▶ **Data**
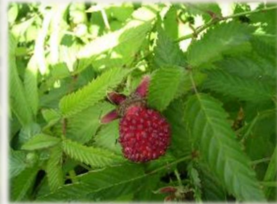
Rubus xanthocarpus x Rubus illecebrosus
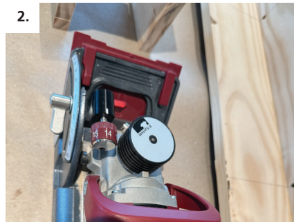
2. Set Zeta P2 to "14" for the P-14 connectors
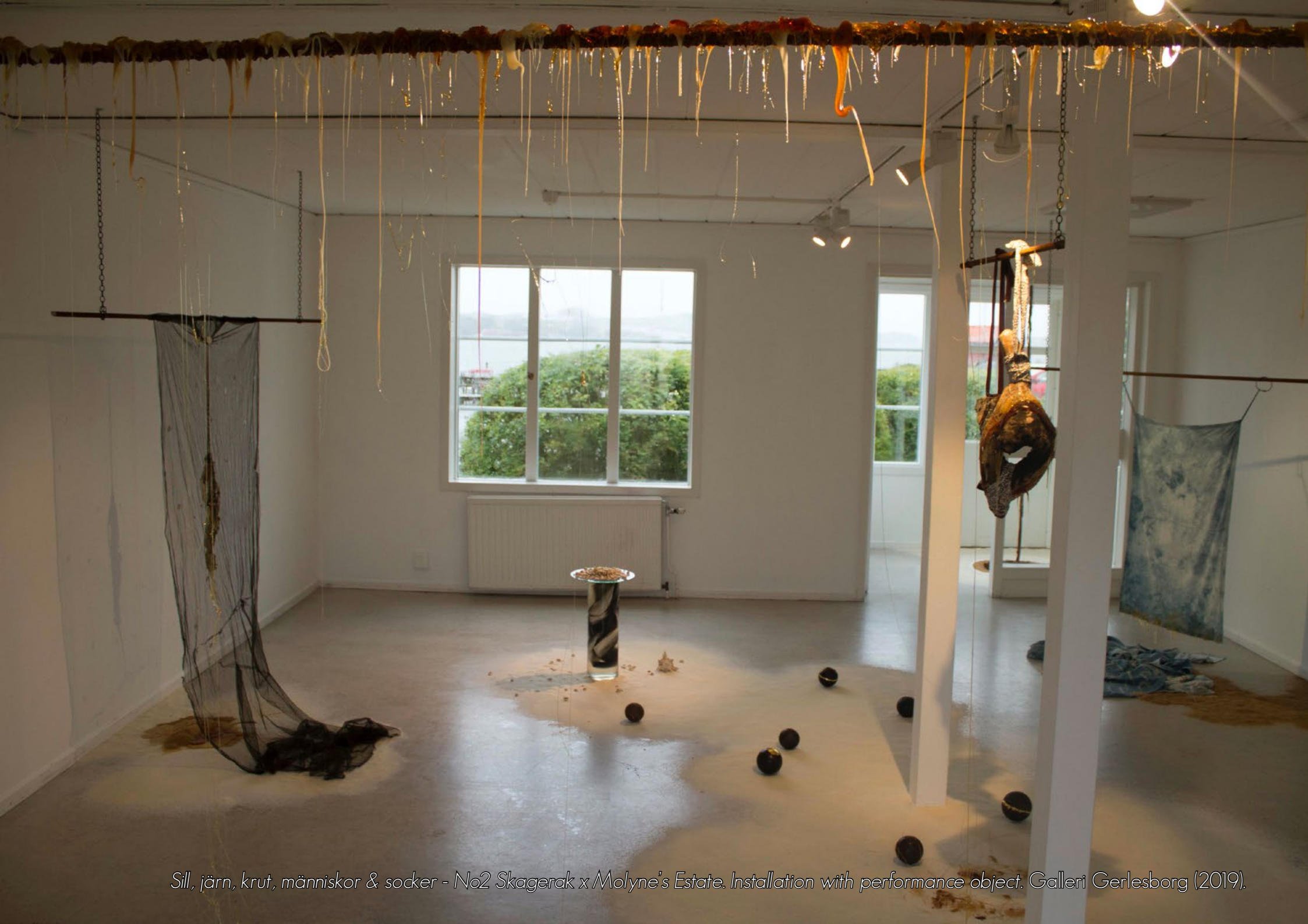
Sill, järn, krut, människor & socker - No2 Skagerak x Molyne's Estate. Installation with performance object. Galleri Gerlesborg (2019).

* * *

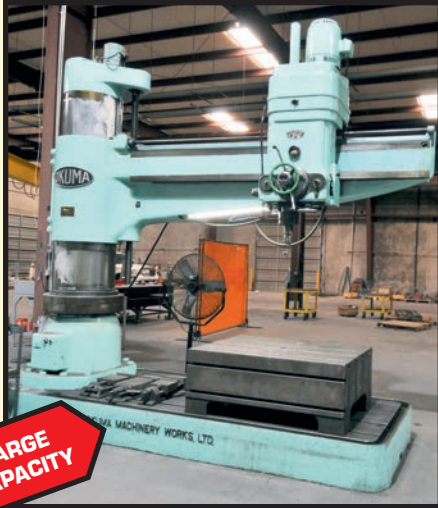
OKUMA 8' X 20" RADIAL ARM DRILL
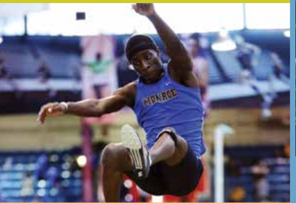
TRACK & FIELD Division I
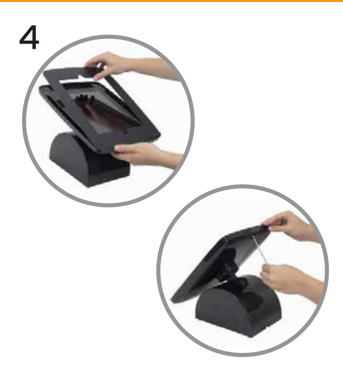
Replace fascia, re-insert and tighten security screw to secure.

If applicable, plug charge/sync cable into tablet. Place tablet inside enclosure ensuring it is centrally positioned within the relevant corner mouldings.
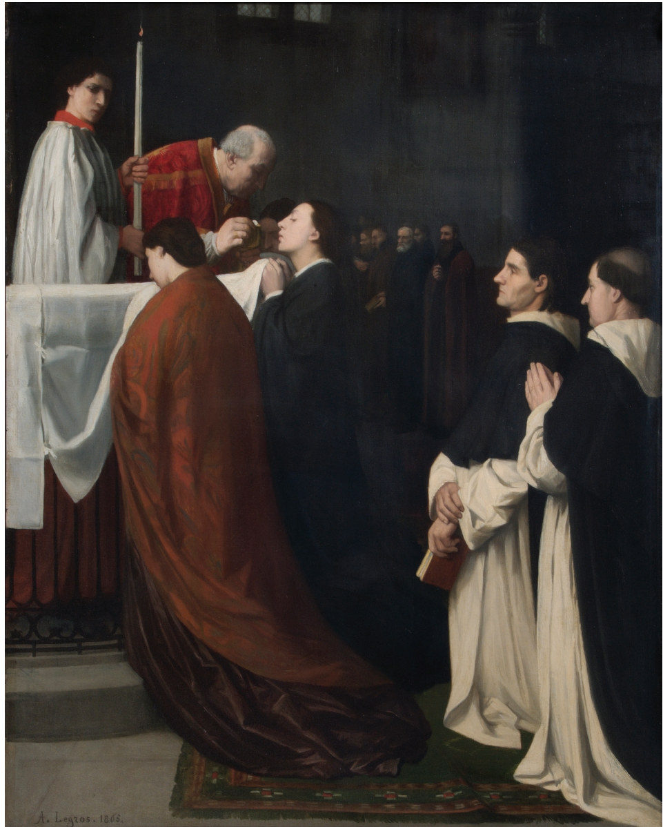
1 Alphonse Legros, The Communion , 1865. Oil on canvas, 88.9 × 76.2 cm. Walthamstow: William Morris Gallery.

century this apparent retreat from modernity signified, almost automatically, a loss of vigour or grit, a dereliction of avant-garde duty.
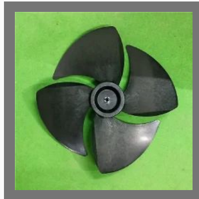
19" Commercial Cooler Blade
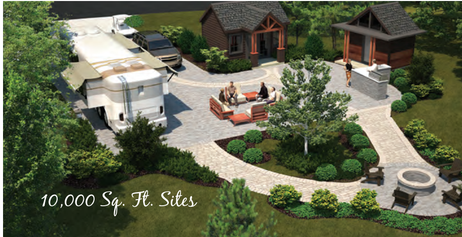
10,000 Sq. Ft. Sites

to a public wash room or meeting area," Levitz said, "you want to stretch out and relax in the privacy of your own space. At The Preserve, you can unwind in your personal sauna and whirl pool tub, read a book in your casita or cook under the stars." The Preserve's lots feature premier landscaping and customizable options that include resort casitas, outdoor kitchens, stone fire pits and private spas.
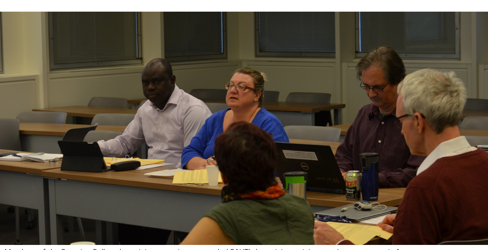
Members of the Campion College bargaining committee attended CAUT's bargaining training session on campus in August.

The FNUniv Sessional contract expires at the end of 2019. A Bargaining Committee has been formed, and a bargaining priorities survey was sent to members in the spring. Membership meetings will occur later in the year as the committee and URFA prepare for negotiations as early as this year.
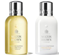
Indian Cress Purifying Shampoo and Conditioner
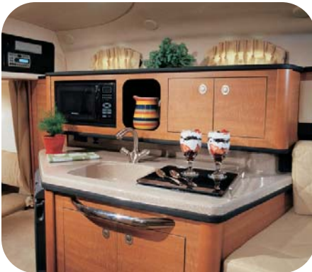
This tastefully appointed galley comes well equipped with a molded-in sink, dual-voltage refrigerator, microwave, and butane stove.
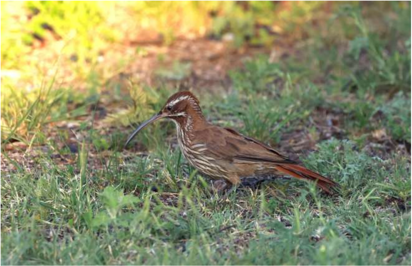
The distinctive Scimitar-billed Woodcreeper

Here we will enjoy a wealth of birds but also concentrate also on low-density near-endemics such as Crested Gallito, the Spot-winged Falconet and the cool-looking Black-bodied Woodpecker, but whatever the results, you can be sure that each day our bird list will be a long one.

* * *

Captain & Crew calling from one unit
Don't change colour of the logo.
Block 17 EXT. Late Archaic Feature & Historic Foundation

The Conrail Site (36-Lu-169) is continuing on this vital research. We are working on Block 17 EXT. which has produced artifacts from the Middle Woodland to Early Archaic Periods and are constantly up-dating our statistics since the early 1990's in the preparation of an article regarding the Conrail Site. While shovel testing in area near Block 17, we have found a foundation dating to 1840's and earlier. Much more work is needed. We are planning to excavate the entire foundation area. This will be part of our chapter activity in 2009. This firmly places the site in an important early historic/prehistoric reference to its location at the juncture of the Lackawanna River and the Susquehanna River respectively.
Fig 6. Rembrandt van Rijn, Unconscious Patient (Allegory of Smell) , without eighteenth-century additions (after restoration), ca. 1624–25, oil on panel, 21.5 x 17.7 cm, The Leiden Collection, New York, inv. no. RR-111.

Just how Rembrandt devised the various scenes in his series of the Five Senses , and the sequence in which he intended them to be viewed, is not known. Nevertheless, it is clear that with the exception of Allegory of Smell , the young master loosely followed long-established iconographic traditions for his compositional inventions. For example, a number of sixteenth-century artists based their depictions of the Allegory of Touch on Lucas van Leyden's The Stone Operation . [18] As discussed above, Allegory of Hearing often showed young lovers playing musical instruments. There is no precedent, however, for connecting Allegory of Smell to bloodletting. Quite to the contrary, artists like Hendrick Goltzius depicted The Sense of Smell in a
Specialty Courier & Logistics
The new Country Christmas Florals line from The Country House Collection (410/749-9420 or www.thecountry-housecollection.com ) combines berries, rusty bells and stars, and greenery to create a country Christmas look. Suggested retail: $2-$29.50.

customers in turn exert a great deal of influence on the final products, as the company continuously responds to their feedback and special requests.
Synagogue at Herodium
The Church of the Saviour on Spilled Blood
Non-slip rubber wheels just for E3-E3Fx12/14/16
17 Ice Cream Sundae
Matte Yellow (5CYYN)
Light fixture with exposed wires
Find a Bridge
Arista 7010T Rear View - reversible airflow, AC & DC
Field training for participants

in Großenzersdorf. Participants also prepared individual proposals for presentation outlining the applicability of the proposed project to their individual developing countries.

▶ **To do**
Copy all lines from the listing that contain "training".

▶ **Response**
Members of the Campion College bargaining committee attended CAUT's bargaining training session on campus in August.
Field training for participants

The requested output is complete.